La sur-rémunération qui rend ces actifs attractifs s’accompagne de risques plus importants que l’on peut, et que l’on doit, analyser et essayer de contrôler en s’interrogeant, au-delà de ratios financiers, sur la qualité des projets comme de la gouvernance. Un autre élément important est la robustesse de l’entreprise. Le cycle de vie d’une entreprise n’est pas linéaire, mais des événements tels que la crise de 2008, permettent d’étudier sa résistance à une période de stress. S’il y a peu de défauts actuellement dans le marché de la dette privée par exemple, les défauts ont été très nombreux dans le marché du transport maritime (shipping) et d’une manière générale, d’autres défauts vont sans doute se produire, probablement lorsque la Banque Centrale Européenne réduira ses mesures non conventionnelles. Cependant ces marchés étant des marchés de gré à gré, il est possible de négocier avec l’émetteur (directement ou par l’intermédiaire d’une banque) des conditions plus favorables de couverture en cas de défaut. Au-delà de ces risques micro, l’environnement macroéconomique est également à prendre en compte. Ainsi, la baisse des taux que l’on a pu observer au cours des trente dernières années a été plutôt favorable aux actifs illiquides, attirant de nombreux investisseurs en recherche de rendement, amenuisant d’autant les primes d’illiquidité. Pour Olivier Renault, une remontée des taux peut évidemment inverser les mouvements de capitaux, qui pourraient quitter ces marchés pour se tourner vers des actifs plus simples et moins risqués. Et si la création de valeur liée à la baisse des taux a masqué les imperfections et sans doute aussi empêché les innovations, une remontée des taux peut fragiliser certains acteurs mais pas spécifiquement ceux liés aux actifs illiquides.

Un futur entre demande croissante et démocratisation

Les actifs illiquides resteront attractifs car ils offrent, comme nous l’avons vu, rendement et diversification. Ils nécessitent toutefois une réelle expertise et d’autant plus qu’ils ne forment pas une classe homogène d’actifs. Ainsi, par exemple, l’industrie de transport maritime a connu de nombreux défauts qui ont pu décourager le secteur bancaire en matière de financements.
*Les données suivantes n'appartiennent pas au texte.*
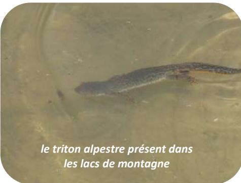
le triton alpestre présent dans les lacs de montagne

Le Conseil Général a acquis les terrains du lit majeur du Fier, afin de préserver un espace naturel ayant pour but la conservation des espèces, mais également pour conserver une zone mobile du Fier, afin de prévenir tout risque de débordement en aval. Ainsi cette zone sert notamment de couloir de passage pour les animaux (mammifères et oiseaux) et de zone de reproduction pour des espèces sensibles. La thématique particulière de la soirée étant les amphibiens, nous avons donc appris les différentes espèces présentes et les différences entre les deux grandes familles d'amphibiens.
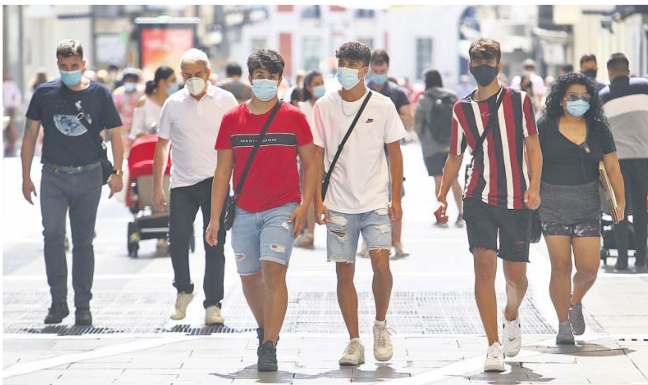
Un grupo de personas caminan por la calle Preciados, en Madrid, ayer por la mañana.

JAVIER LÓPEZ MACÍAS javier.macias@20minutos.es / @23javilo
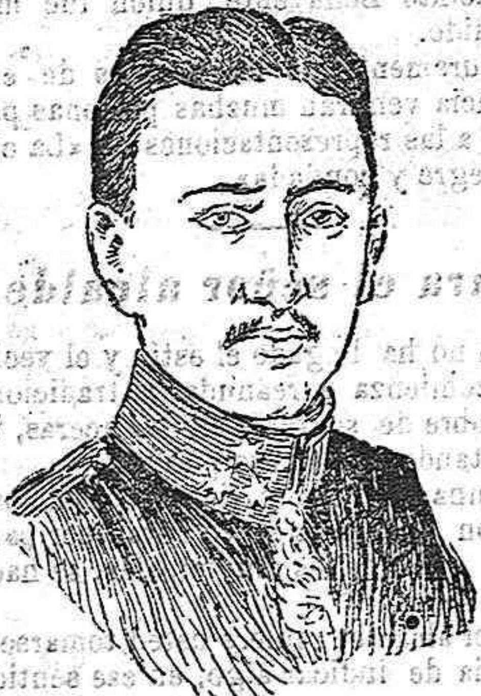
El archiduque heredero de Austria, Carlos Francisco José, bajo cuya dirección se está desarrollando la gran ofensiva en el frente austro-italiano.
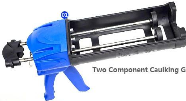
Two Component Caulking Gun
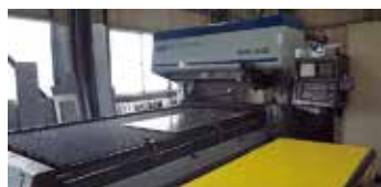
■ CO 2 レーザー加工機 ・ KOMATSU TLV-510
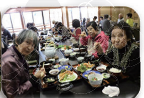
一日研修旅行(11/18)高知県佐川町
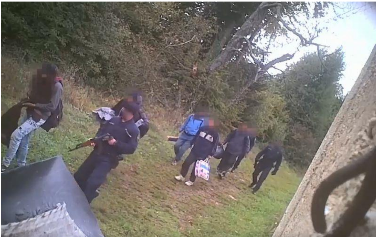
Slika 7. Hrvatske redarstvene snage u sprečavanju ilegalnih prelazaka granice

Suprotstavljanje terorizmu provodi se integriranim pristupom i međuresornom suradnjom, koristeći se mjerama za prevenciju, suzbijanje, zaštitu, te kazneni progon, a sve to uz razne oblike međunarodne suradnje. Do trenutka pristupa šengenskom prostoru. Republika Hrvatska samostalno sudjeluje u čuvanju vanjske granice Europske unije. Zbog kontroliranja navedene granice i migrantskih izazova koji se odvijaju proteklih 5 godina ažuriraju se zakonodavne i operativne mjere u sklopu politika Europske unije.
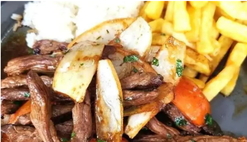
Caminos del inca aventura culinaria lomo saltado
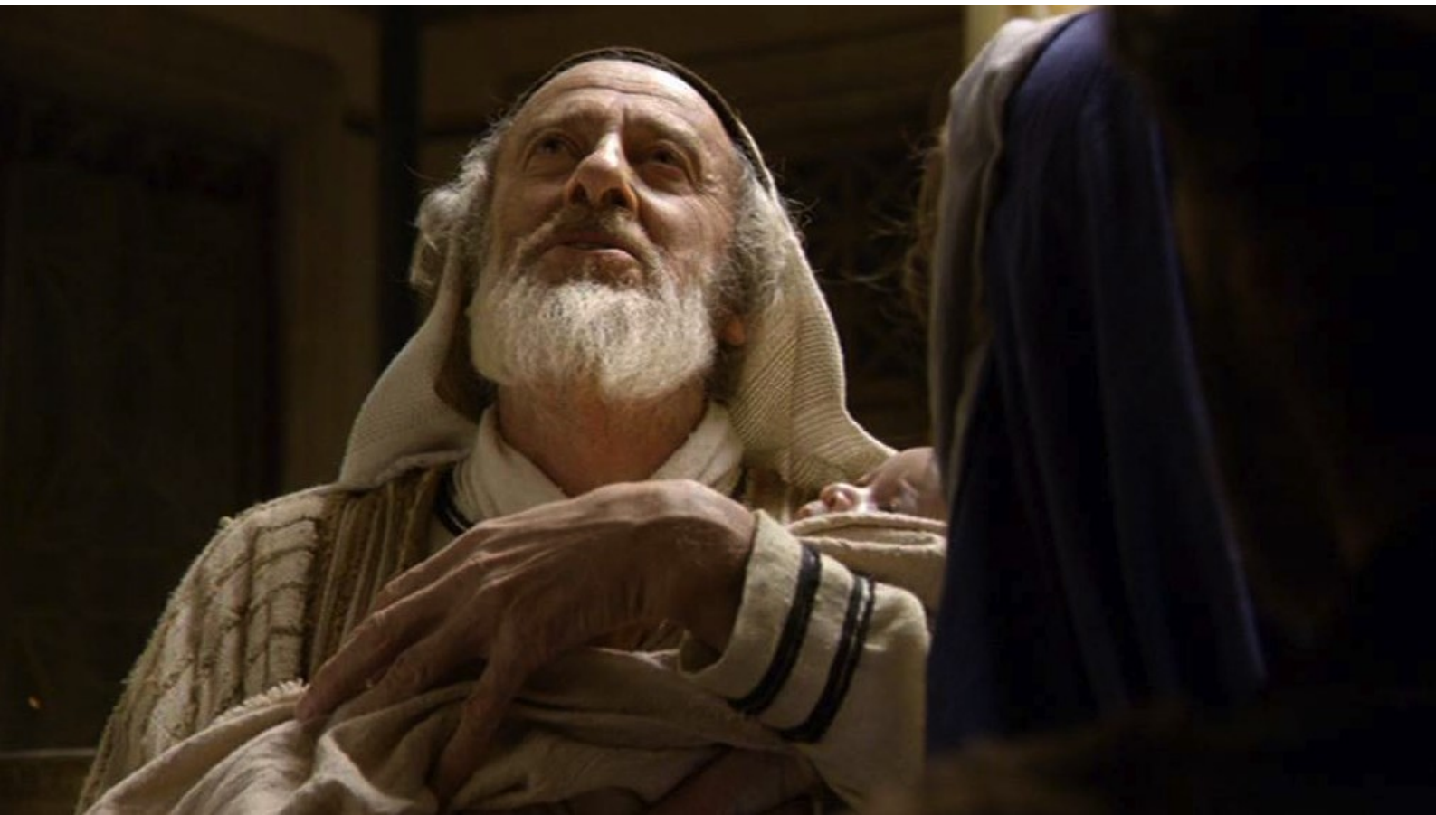
Maria di Nazaret : où le vieux Siméon bénit l'enfant.
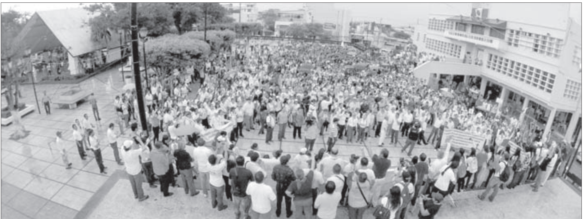
Hacia el mediodía, el contingente arribó al Palacio Municipal de Coatzacoalcos
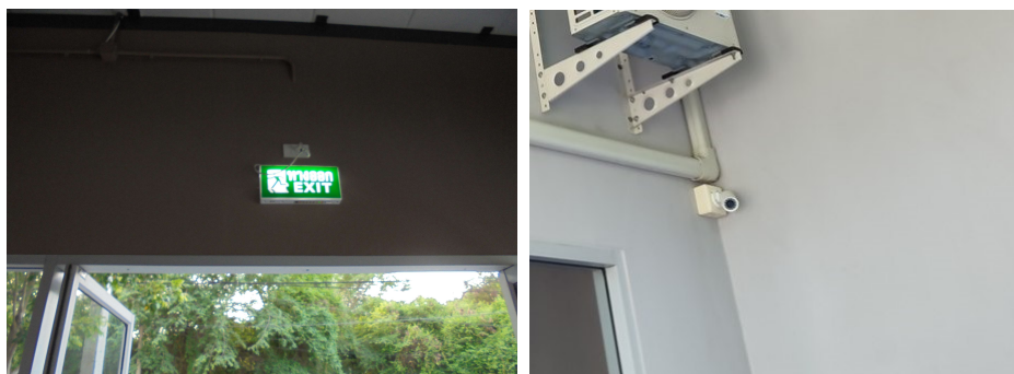
ภาพที่ 4-21 บ้ายทางหนีไฟ และภาพที่ 4-22 กล้องวงจรปิดภายในอาคาร
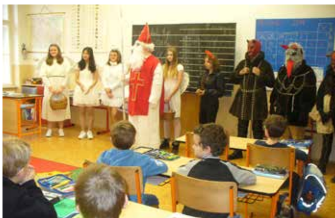
Mikulášská návštěva tvořená žáky 4. tříd na 1. stupni.
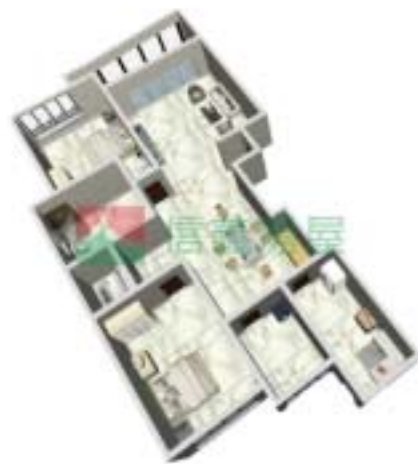
3号楼宁泰府B型2单元户型图
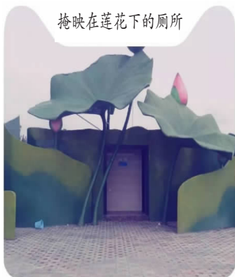
掩映在莲花下的厕所
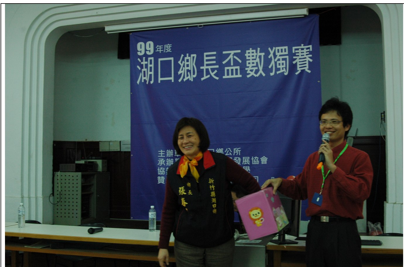
張鄉長為摸彩活動進行摸彩
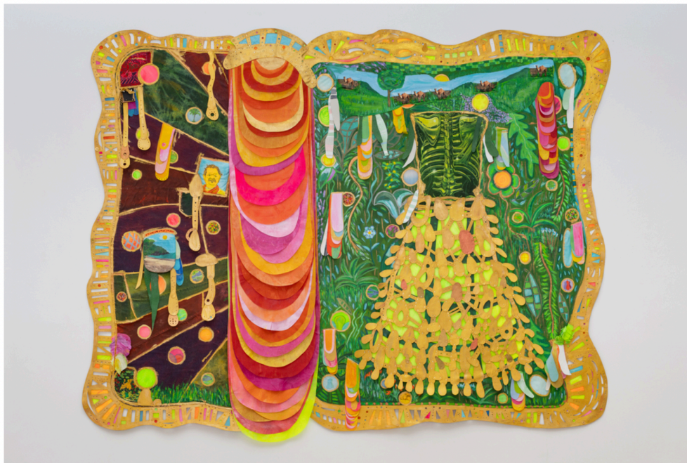
Leda Catunda, Caprichosa , 2024

Fortes D'Aloia & Gabriel apresenta Paisagem selvagem , a nova mostra de Leda Catunda na Carpintaria, que marca o retorno da artista ao Rio de Janeiro uma década após sua última exposição individual na cidade, no Museu de Arte Moderna. Os trabalhos apresentados mostram uma inflexão barroca na sua pesquisa, onde o acúmulo de elementos têxteis e citações imagéticas que caracteriza sua obra é intensificado por uma multiplicação de procedimentos e ornamentos e pela proliferação de formas de língua, saliências, barrigas estofadas e abas de tecido de todas as cores. Refletindo sobre o fluxo de estímulos visuais e digitais, Catunda se debruça sobre nossa exposição incessante aos ícones, signos e emblemas da cultura de massas.

Après une restructuration importante, ce marché est à nouveau en plein essor et propose des investissements potentiellement attractifs d’autant plus que la concurrence est peu importante. Plus généralement, ces marchés continuent de se développer et de se démocratiser en s’ouvrant à d’autres investisseurs. Ainsi, la volonté des pouvoirs publics de faciliter le financement de l’économie pourrait amener assureurs et banquiers à offrir davantage de supports, notamment dans le cadre de l’assurance vie, investis en actifs réels ou illiquides. Du fonds de capital-risque à ceux de dettes, des solutions d’investissement ont déjà été mises en place par le biais de fonds de co-investissement pour certains types de particuliers mais restent limitées, comme le précise Matthieu Baret. Dans un avenir proche, nous devrions assister simultanément à une plus grande structuration de ces moyens d’investissement et au développement d’une véritable expertise aussi bien du côté des gérants que des investisseurs et des institutionnels. Pour finir, la garantie actuelle de rendement offerte par le secteur des assurances vie poussera intrinsèquement vers ce type d’actifs potentiellement plus rémunérateurs, mettant néanmoins toujours en avant les limites du modèle actuel qui garantit des rendements sans prise de risque.